# Website & Blog



## reval8r (Jul 20, 2008)

Hi guys,
I'm getting ready to hopefully start a portrait photography business. I currently developing my website and blog to start promoting the business. Comments and cc are welcome.

Astonishing Portraits & Astonishing Portraits Blog

Thanks,


----------



## KristinaS (Jul 21, 2008)

I only looked at your blog  so far, but so far I noticed right off the bat that your welcome message had a lot of typos in it, as well as grammar mistakes, which really makes it look unprofessional. I have to apologize because I'm a journalist and that sort of stuff really sticks out to me. Anyway, I reworked it a little and also shortened it some. Here's what I came up with:

Welcome and thank you for taking the time to visit today! 

Astonishing Portraits is owned and operated by myself, Larry Davidson, and my lovely wife, Larissa, out of our home in Springfield, MO.

We specialize in on-location portraiture and have all of the studio equipment necessary to produce quality images in your home, office or outdoors.  

Astonishing Portraits is looking to build life-long photographic relationships with our customers. Our goal is to be with you from the beginning and celebrate each phase of life with you from engagements and weddings to maternity and newborn portraits.

Please visit our blog often. In addition to our work, you will also find the latest details and happenings at Astonishing Portraits as well as special seasonal rates and discount coupons.

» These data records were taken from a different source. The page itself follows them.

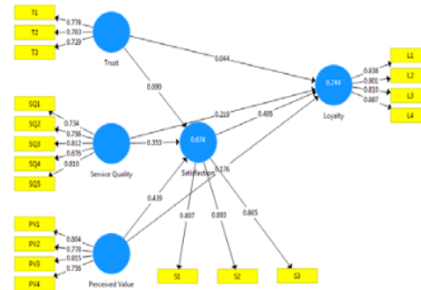
Figure 1: Outer Model.

The measurement model aims to test the accuracy of the relationship between indicators in a variable in measuring the latent variables. Testing of the measurement model consists of: convergent testing and discriminant validity, as well as composite reliability testing.
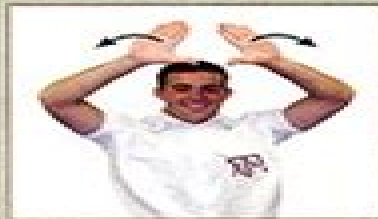
Aggies Hands form "A"
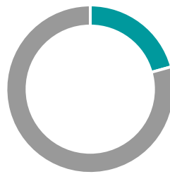
■ Low-risk suppliers ■ Medium-risk suppliers

As per the "Raw Materials Intake by Continent" for the period between January 1, 2025, and December 31 st , 2025, the data is as follows:
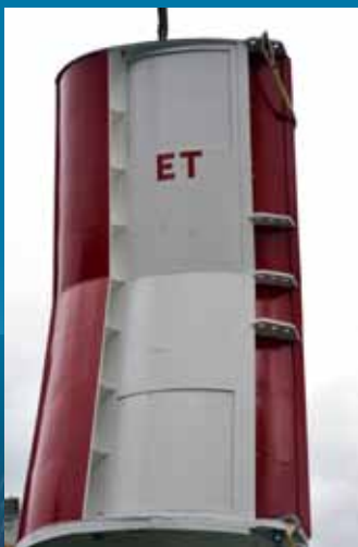
Figure 4: Trawl doors with hatches that can be opened/closed to adjust performance while fishing.
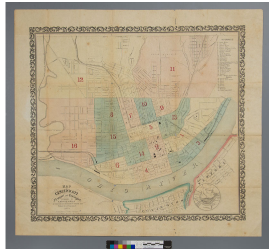
i10377918_1256_D01N After Treatment - tears mended
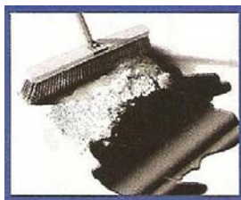
Using a stiff bristle broom or brush, work in a circular motion.

Lastly, we would like to thank our neighbors in the Springfield, MO metro area. Without you and your support, there would be no Astonishing Portraits. THANK YOU!

Sincerely,
Larry & Larissa Davidson

If you don't want to use that, that's okay, too. I just wanted to give you an example of how I think it would be better. I'll actually look at the photography when I get home from work. Hope this post was helpful.


----------



## reval8r (Aug 13, 2008)

Thanks for your help and suggestions KristinaS. Sorry it took so long to respond, I had completely forgotten that I had made a post here. Often my brain works much faster than my fingers and when proofing, I don't read what I had written, but what I think I had written. Thanks so much for your help.

Larry


----------



## wchua24 (Aug 13, 2008)

hello there i had check your blog your pictures are good, i love it..well, good luck in your business venture am sure you will do well..


----------